Whisper Large Chinese (Mandarin)
Property | Value |
---|---|
License | Apache 2.0 |
Base Model | openai/whisper-large-v2 |
Training Data | Common Voice 11 |
Primary Task | Automatic Speech Recognition |
What is whisper-large-zh-cv11?
Whisper-large-zh-cv11 is a specialized speech recognition model fine-tuned from OpenAI's Whisper Large v2 specifically for Mandarin Chinese. Developed by Jonatas Grosman, it demonstrates significant improvements over the base model, achieving a Character Error Rate (CER) of 9.55% on the Common Voice 11 test set, compared to 29.90% for the original model.
Implementation Details
The model was trained using both training and validation splits from Common Voice 11, with 1,000 samples reserved for evaluation during fine-tuning.
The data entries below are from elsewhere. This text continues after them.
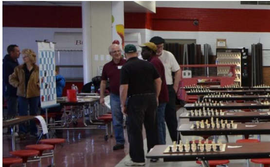
A concentration of PHCC's Finest Judges!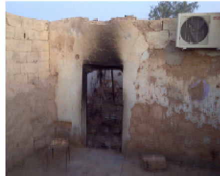
Burned home in Hijara following armed clashes in March. May 2012

Residents told Amnesty International that when they returned after the hostilities, they found their homes damaged and in some cases burned and destroyed. Video footage shows Arab militias entering these neighbourhoods, seemingly after the population left. In at least two instances, they are carrying gas canisters. Amnesty International saw homes in the Hijara and Nasriya areas that appeared to have been deliberately set on fire.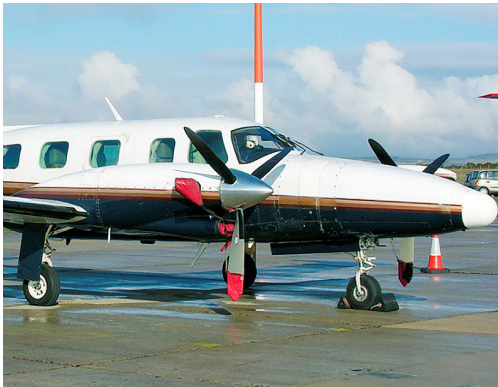
Piper Cheyenne IIXL Prop Tie/Exhaust Covers, Intake Plugs

Engine Inlet Plugs are custom fit for your Piper PA-31T: Cheyenne, Cheyenne II XL intakes, made with heavy-duty vinyl material, and stuffed with a single block of sculpted urethane foam. Each plug has a zipper that allows the foam to be removed and dried if necessary. Engine plugs have warning flags that are visible from the cockpit or 'remove before flight' streamers sewn onto the face of the plugs. Most plugs are imprinted with the aircraft registration number in black for an extra charge. Storage bag NOT included. Engine plugs may be inserted after flight when the engine is still warm. Engine Inlet Plugs are commonly referred to as Cowl Plugs, Intake Plugs, Cowl Blocks, Engine Blocks, and Engine Bungs.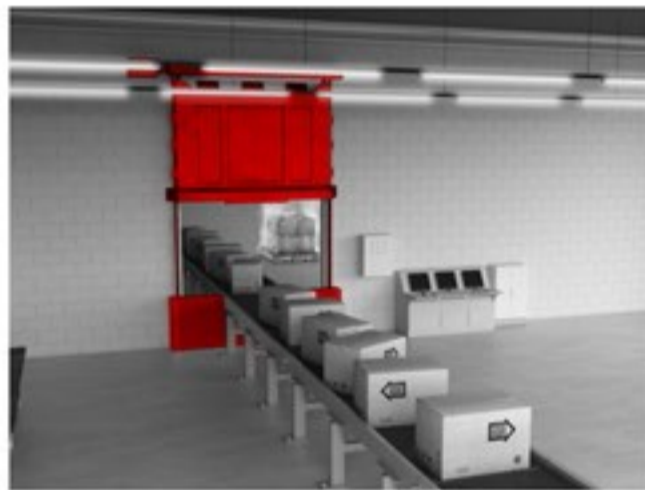
Conveyor System Closures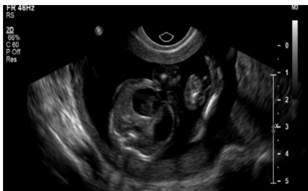
Fig. 1 Transverse view of the fetal abdomen in case 1, demonstrating the classic “double bubble” sign consistent with duodenal atresia. The two cystic structures represent an enlarged fluid-filled stomach and proximal duodenum. The pylorus between the stomach and duodenum is also dilated and visible.

A 30-year-old G2P1001 woman with a spontaneous pregnancy was referred to our institution at 22 0/7 weeks' gestation for multiple anomalies detected on routine anatomy US. Advanced-level US findings included intrauterine growth restriction, Dandy Walker variant, and possible asphyxiating thoracic dystrophy. The patient elected to have an induction of labor due to poor prognosis, and subsequently delivered a stillborn infant. Cytogenetic study revealed a 69,XXX karyotype. Upon physical exam, the fetus exhibited normal female genitalia and growth restriction. Relative macrocephaly with facial asymmetry and low-set ears were noted. The fetus had a widened sternum and short rib cage. Malformations of the extremities included 3,4 syndactyly of the left hand, 4,5 syndactyly of the right foot, and equinovarus (→ Fig. 3A, B ). The placenta had a three-vessel cord and showed no hydropic changes. Placental weight was below the tenth percentile.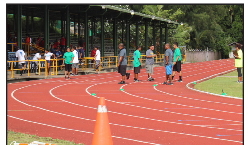
Mix Relay Race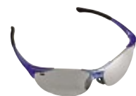
Protective Eyewear 1752 Blue Frame Mirrored Lens

Note: Depending on the specific conditions of each work site and methods used, welding activities have the potential to expose workers to harmful levels of welding fumes, gases, or other airborne contaminants.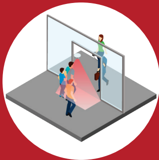
Counts people passing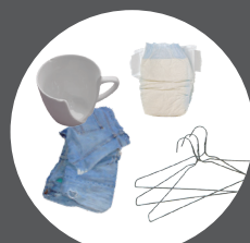
HOUSEHOLD ITEMS Hangers/wires (tangles), clothes, diapers/pet waste, toys, dishware & furniture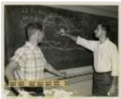
Spanish class (MS 0061-19-01-029)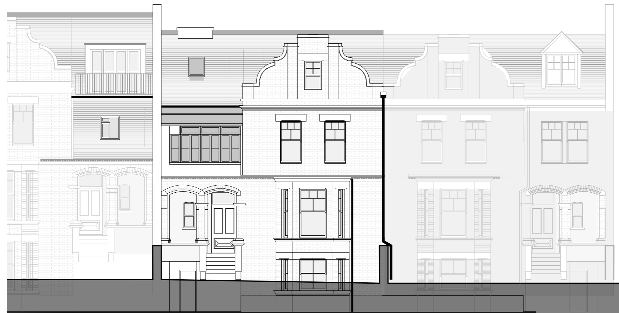
1 020 Existing front elevation scale 1:100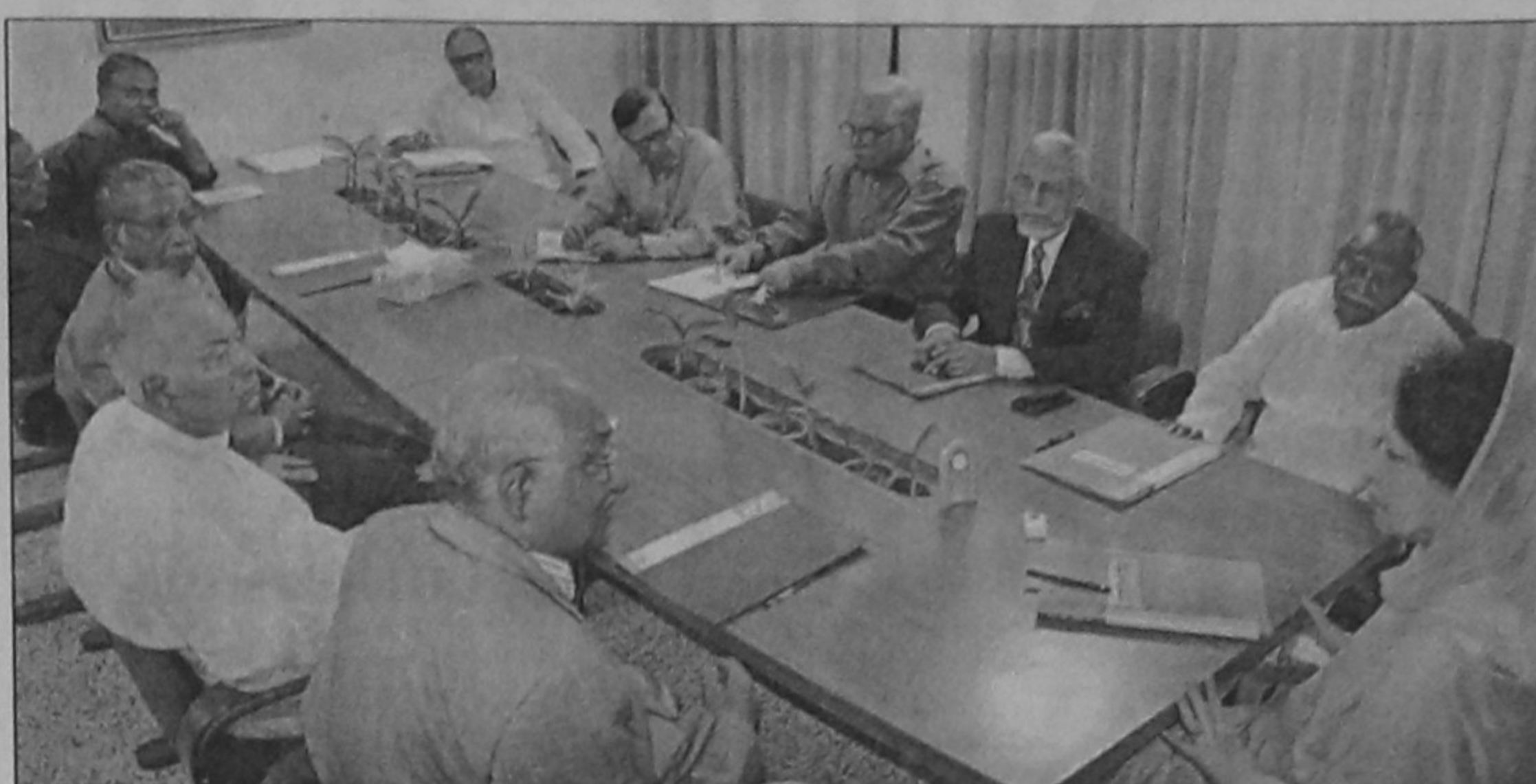
BNP Chairperson Khaleda Zia presides over the standing committee meeting of the party at her office at Gulshan in the city yesterday. (Story on Page 1)

Relatives and admirers are requested to attend the programme.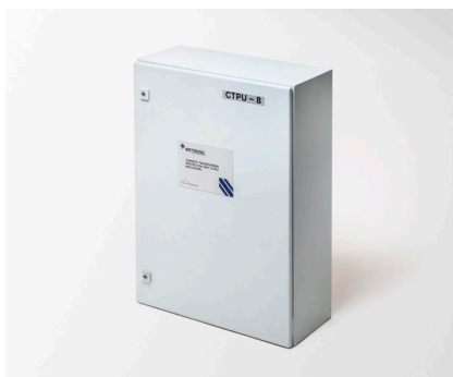
CTPU ENCLOSURE - 8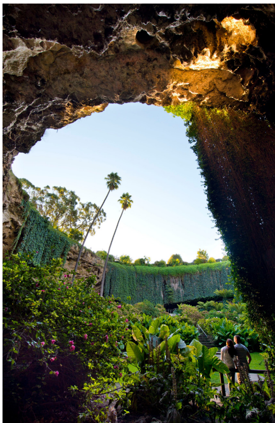
Umpherston Sinkhole/Balumbul, photo Adam Bruzzone, courtesy South Australian Tourism Commission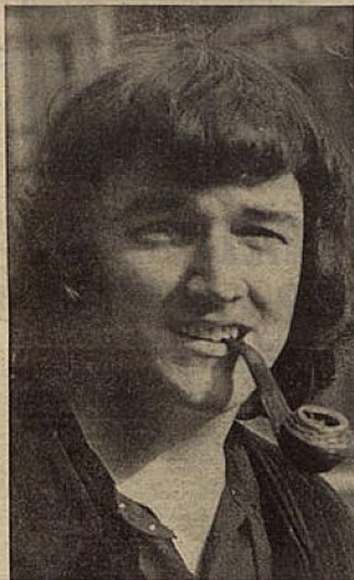
PROBY—hair nearly long enough now.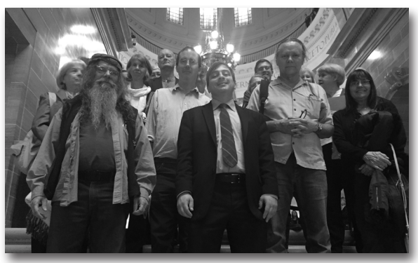
Western Missouri Lobby Day, April 18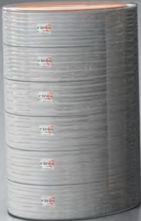
WITH SIMPLE CARDBOARD HEADERS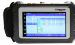
BITE5 Battery tester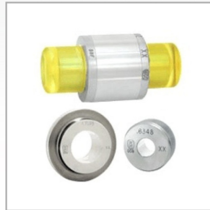
Industrial Setting Master

It implements the Transformer architecture and runs on PyTorch, offering seamless integration with the Hugging Face transformers library.
- Supports both raw and normalized text transcription
- Handles casing and punctuation
- Optimized for Mandarin Chinese speech recognition
Core Capabilities
- Achieves 9.55% CER and 55.02% WER on Common Voice 11
- Performs well on out-of-domain data (11.76% CER on Fleurs dataset)
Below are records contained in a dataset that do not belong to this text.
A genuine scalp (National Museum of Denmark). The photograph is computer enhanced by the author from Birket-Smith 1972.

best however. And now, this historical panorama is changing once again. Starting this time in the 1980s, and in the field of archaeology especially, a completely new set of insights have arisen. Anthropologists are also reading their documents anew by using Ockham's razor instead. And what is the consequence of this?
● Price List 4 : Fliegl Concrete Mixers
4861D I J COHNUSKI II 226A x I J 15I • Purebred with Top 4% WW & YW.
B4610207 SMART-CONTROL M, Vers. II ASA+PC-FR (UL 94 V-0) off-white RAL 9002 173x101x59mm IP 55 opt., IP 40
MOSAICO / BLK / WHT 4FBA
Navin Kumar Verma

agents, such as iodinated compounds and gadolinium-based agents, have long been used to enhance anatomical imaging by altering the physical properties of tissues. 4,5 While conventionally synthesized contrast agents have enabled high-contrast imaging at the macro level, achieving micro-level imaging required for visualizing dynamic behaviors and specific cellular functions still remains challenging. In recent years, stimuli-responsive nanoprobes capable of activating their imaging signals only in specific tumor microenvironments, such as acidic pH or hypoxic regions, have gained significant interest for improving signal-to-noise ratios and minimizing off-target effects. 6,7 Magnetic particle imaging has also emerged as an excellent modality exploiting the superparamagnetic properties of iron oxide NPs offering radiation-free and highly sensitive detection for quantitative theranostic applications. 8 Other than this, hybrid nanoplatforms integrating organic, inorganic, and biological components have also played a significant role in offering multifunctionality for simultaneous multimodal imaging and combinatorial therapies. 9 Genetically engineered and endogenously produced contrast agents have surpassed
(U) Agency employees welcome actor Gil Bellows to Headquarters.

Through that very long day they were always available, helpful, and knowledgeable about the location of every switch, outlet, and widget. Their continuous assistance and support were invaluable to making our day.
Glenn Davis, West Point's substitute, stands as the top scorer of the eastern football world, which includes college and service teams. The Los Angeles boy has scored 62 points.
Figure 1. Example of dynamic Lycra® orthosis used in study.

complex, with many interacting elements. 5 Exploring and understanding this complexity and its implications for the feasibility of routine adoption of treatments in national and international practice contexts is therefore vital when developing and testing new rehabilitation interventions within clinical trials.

- Supports specialized handling of numerical transcriptions
- Includes language and task-specific decoder prompts
Frequently Asked Questions
Q: What makes this model unique?
This model significantly outperforms the base Whisper Large v2 on Mandarin Chinese, reducing CER by over 20 percentage points on Common Voice 11. It's specifically optimized for Chinese speech recognition while maintaining the ability to handle different text normalization scenarios.
Q: What are the recommended use cases?
The model is ideal for Mandarin Chinese speech transcription tasks, particularly when high character-level accuracy is required. It's suitable for both general transcription and scenarios requiring normalized text output, though users should be aware of potential limitations with numerical value transcriptions.